Evaluating the Temporal Detection Capability of Integrated Gradients Applied on Sound Classifier
For researchers in audio event detection, this work shows that post-hoc attribution methods can localize sound events without temporal labels, though performance is still below supervised approaches.
Integrated gradients applied to a sound classifier trained without temporal supervision achieves temporal event detection with mean IoU of 0.39, frame-level F1 of 0.52, and Pointing Game accuracy of 82.6%, approaching the performance of weakly and strongly supervised framewise CNNs.

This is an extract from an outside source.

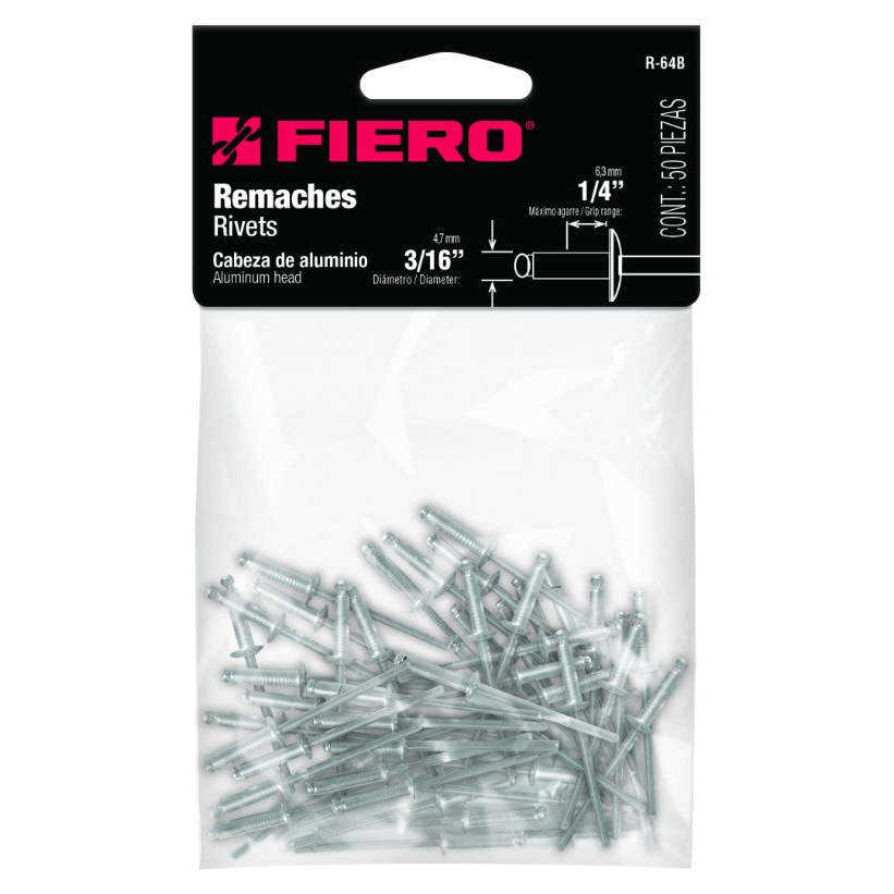 Fiero R-64B Flat Dome Head Solid Rivets 3/16' X 1/4' 50-Pack-Steel Aluminium Plastic with Din Standard Plated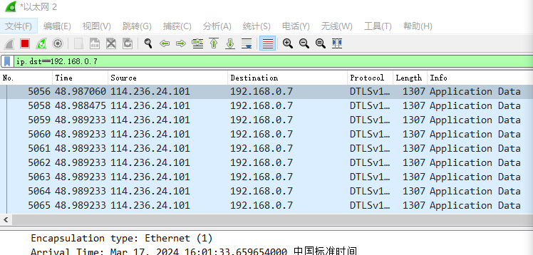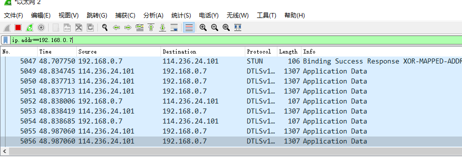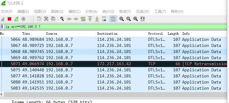 可以看到源IP地址为指定IP的包

Gradient-based attribution methods can highlight input regions important for neural network predictions, but their effectiveness for temporal sound event detection in audio classification has not been systematically evaluated. This paper assesses whether integrated gradients (IG) can temporally detect sound events when applied to a classifier trained without temporal supervision. We use synthetic polyphonic audio with ground truth timestamps to measure alignment between IG attributions and event boundaries. On a 10-class domestic sound dataset, IG achieves mean Intersection over Union (IoU) of 0.39, frame-level F1 of 0.52, and Pointing Game accuracy of 82.6\%. For comparison, a framewise CNN trained with weak supervision (FW-WS, clip-level training labels) achieves 0.42 IoU, 0.55 F1, and 97.3\% PG, while a strongly supervised variant (FW-SS, frame-level training labels) reaches 0.45 IoU, 0.58 F1, and 97.9\% PG. Overall, these results suggest that post-hoc IG captures meaningful temporal activity patterns of sound events, with localization performance approaching models that explicitly produce frame-level predictions. All methods substantially outperform random and energy-based baselines.